■ **Task to carry out**:
Every line of the material below needs to be copied exactly; omit the pictures.

■ **Collected material**:
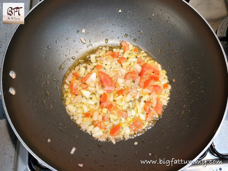 Step 2: Heat the oil in a pan and sauté the onions till soft. Add the tomato and cook for 2 minutes.
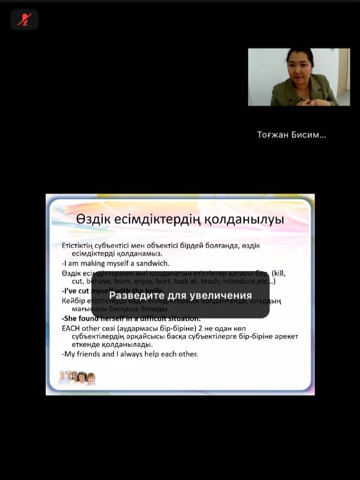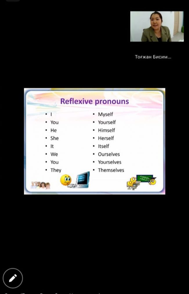 Бүгін, 04.12.2025 ж. "Тірек мектептер жобасы" аясында 8-сыныптарға ағылшын тілі пәнінен онлайн сабақ өткізілді. Сабақтын тақырыбы – Reflexive pronouns and each other.
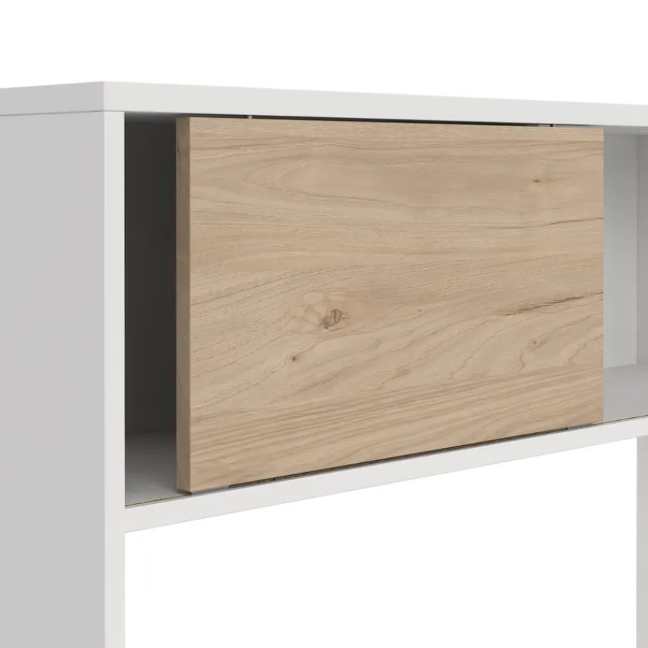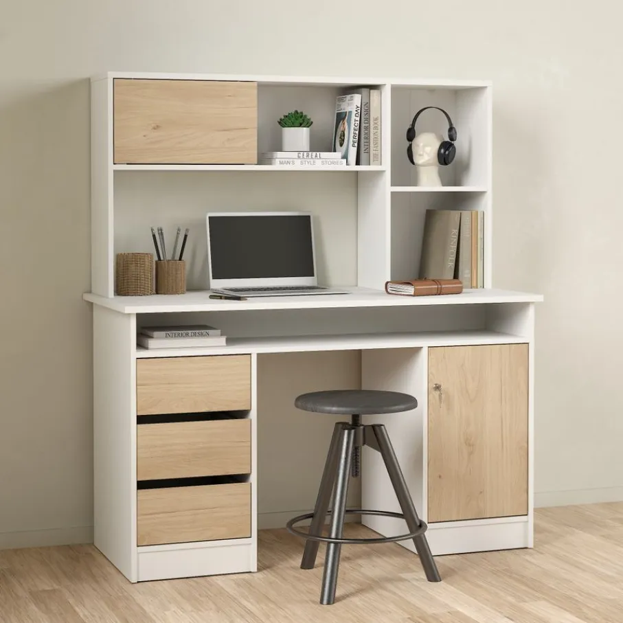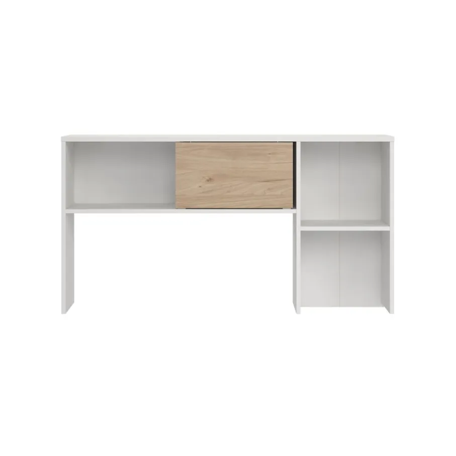 - Geef je werkplek een stijlvolle én functionele upgrade met deze moderne opzetkast die naadloos aansluit bij een opgeruimd interieur.

■ **Answer to this task**:
 Step 2: Heat the oil in a pan and sauté the onions till soft. Add the tomato and cook for 2 minutes.
 Бүгін, 04.12.2025 ж. "Тірек мектептер жобасы" аясында 8-сыныптарға ағылшын тілі пәнінен онлайн сабақ өткізілді. Сабақтын тақырыбы – Reflexive pronouns and each other.
 - Geef je werkplek een stijlvolle én functionele upgrade met deze moderne opzetkast die naadloos aansluit bij een opgeruimd interieur.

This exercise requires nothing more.